Another interesting approach presented by Alexander Chamessian, Assistant Professor at Washinton University in St. Louis, is to use targeted protein degradation modalities like PROTACs or molecular glues to eliminate (instead of inhibiting) NaV proteins. His lab is conducting early discovery research trying to determine the feasibility of this modality.
Slide on the advantages of PROTACs targeting NaV channels for pain, shared by Alexander Chamessian, Assistant Professor, Washinton University in St. Louis.
Alexander Chamessian, Assistant Professor, Washinton University in St. Louis presenting at the inaugural 2026 Non-opioid Pain Therapeutics Summit in Boston.
Persistent Challenges & Opportunities Ahead
It’s clear that the opportunities for novel pain treatments continue to reveal themselves, especially for non‑opioids, but the road ahead is far from straightforward. Advances in ion‑channel pharmacology, targeted protein degradation, and human-centric translational models are opening pathways that simply didn’t exist a decade ago.

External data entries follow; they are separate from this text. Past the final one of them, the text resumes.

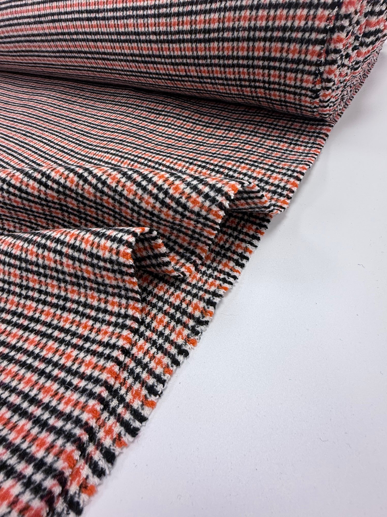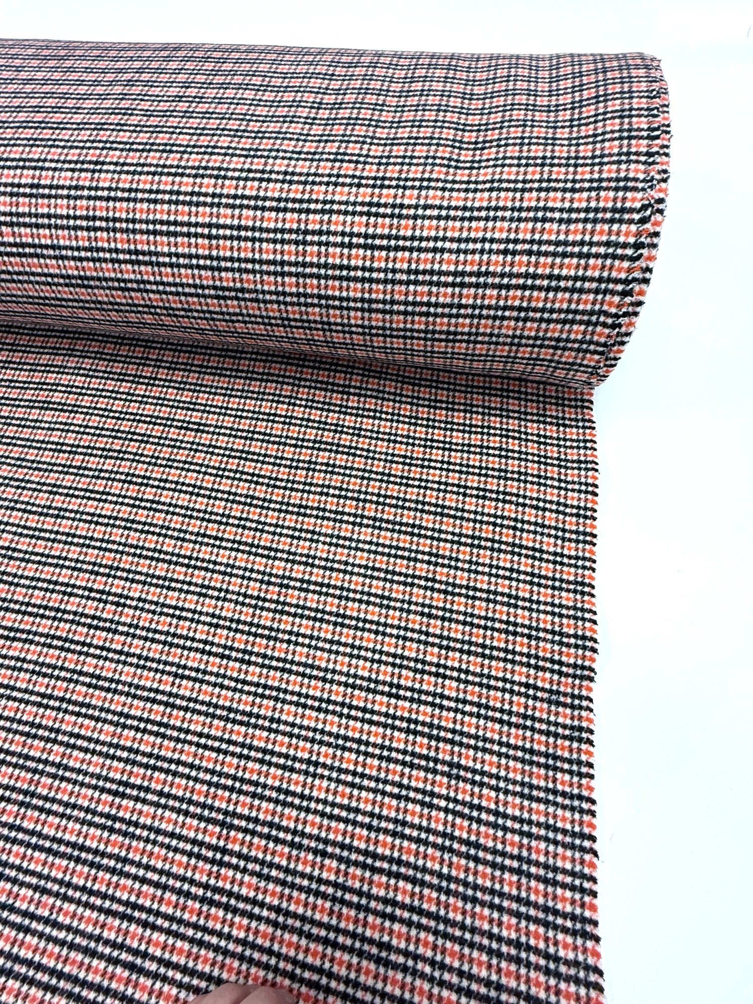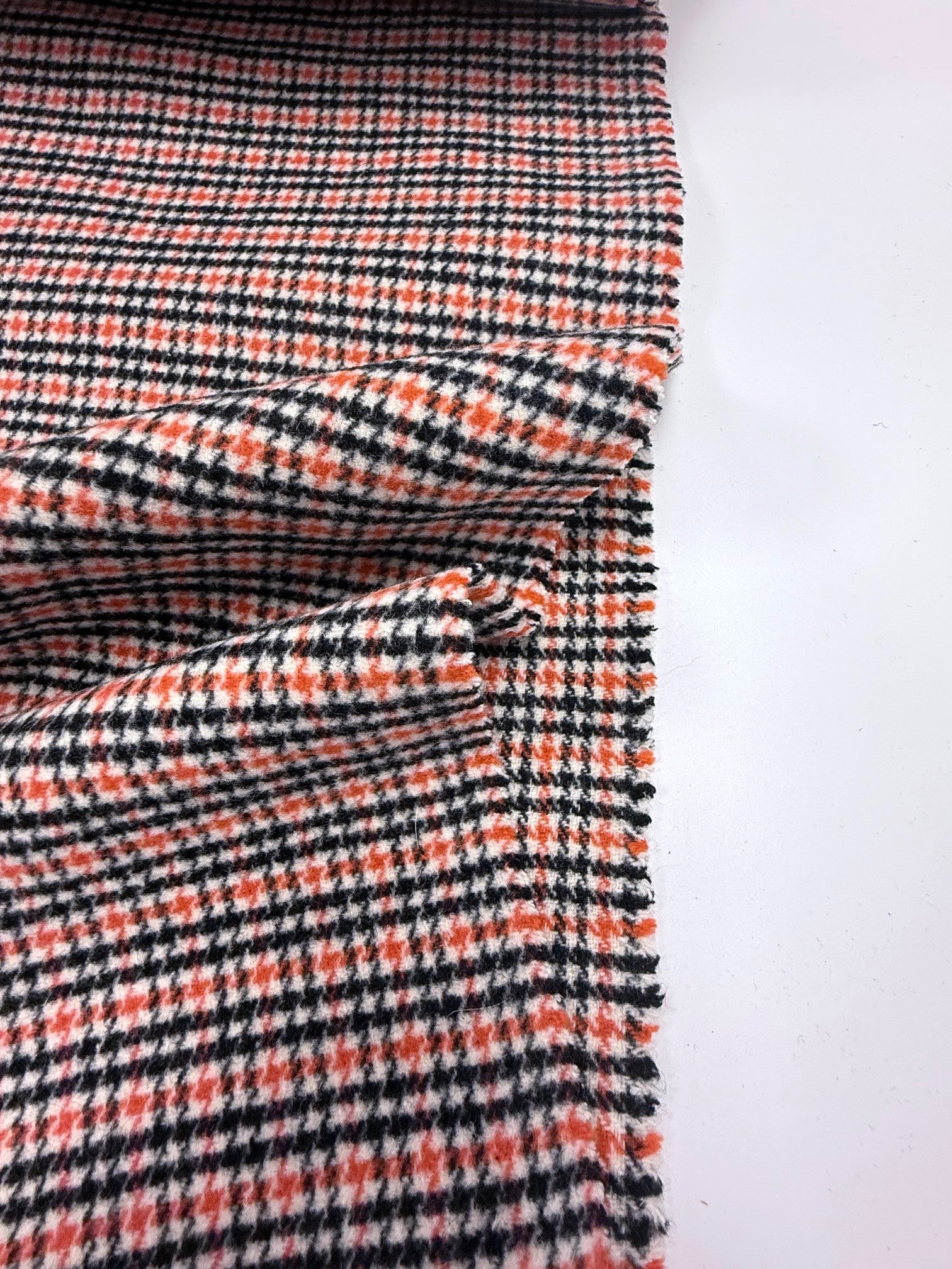 A bold and stylish houndstooth check fabric in black, orange and cream. With a soft, brushed finish and cosy feel, it’s perfect for making statement coats, jackets, skirts or capes. This fabric has a classic pattern with a modern twist, ideal for eye-catching autumn and winter makes.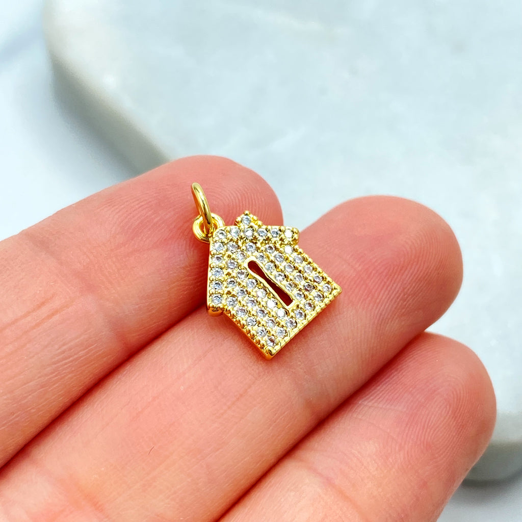 18k Gold Filled House Charm, CZ Pave Petite Pendant with Keyhole Design, Dainty Symbolic Jewelry, CZ House Charm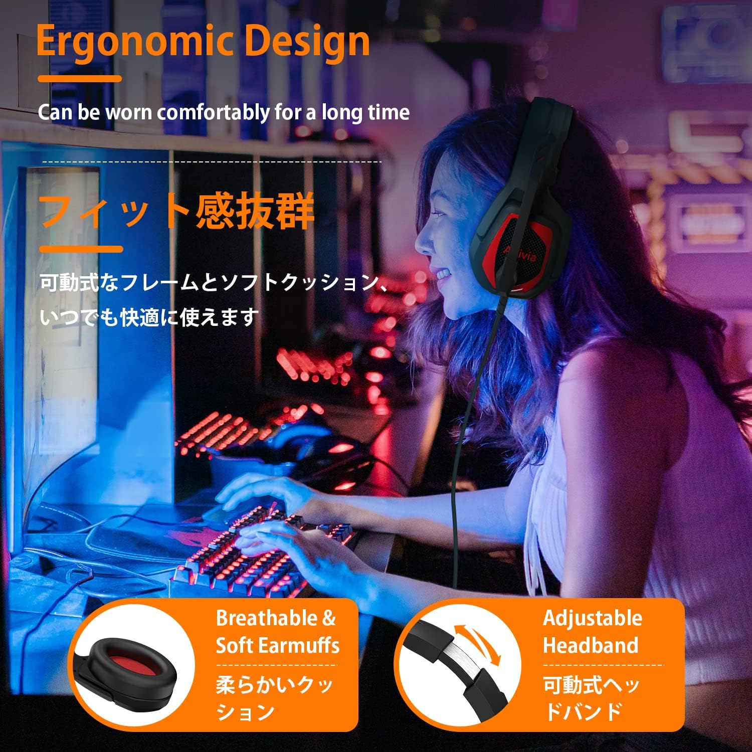 Anivia Gaming Headset with Noise Isolating Microphone, HD Stereo Sound for PS4/PS5 Xbox Switch PC (Red, Wired 3.5mm Jack)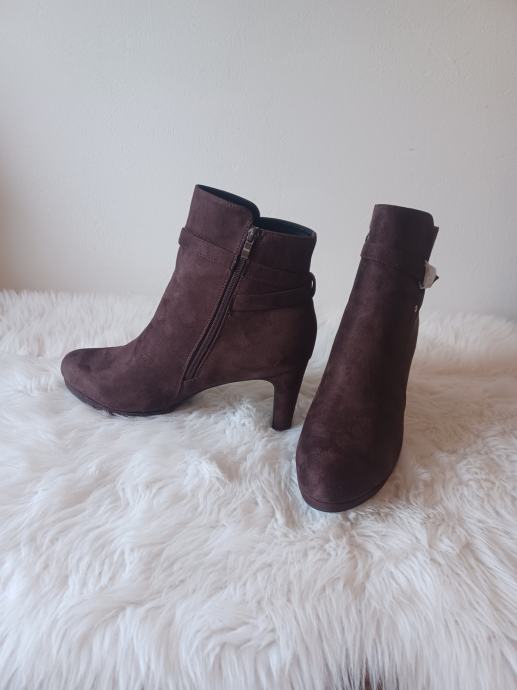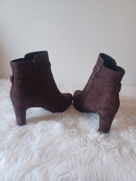 Gležnjače ženske smeđe, gazište 29,0 cm, višina potpetice 9 cm.

Together, these challenges and breakthroughs are reshaping what’s possible, signaling a future in which pain therapeutics can be both more precise and less addictive.
Conferences end, but the conversations that matter keep going. Wrapping up the 2026 Non-opioid Pain Therapeutics Summit in Boston, another great event by Hanson Wade. -Ray Dogum, Chief Editor of Drug Discovery Online.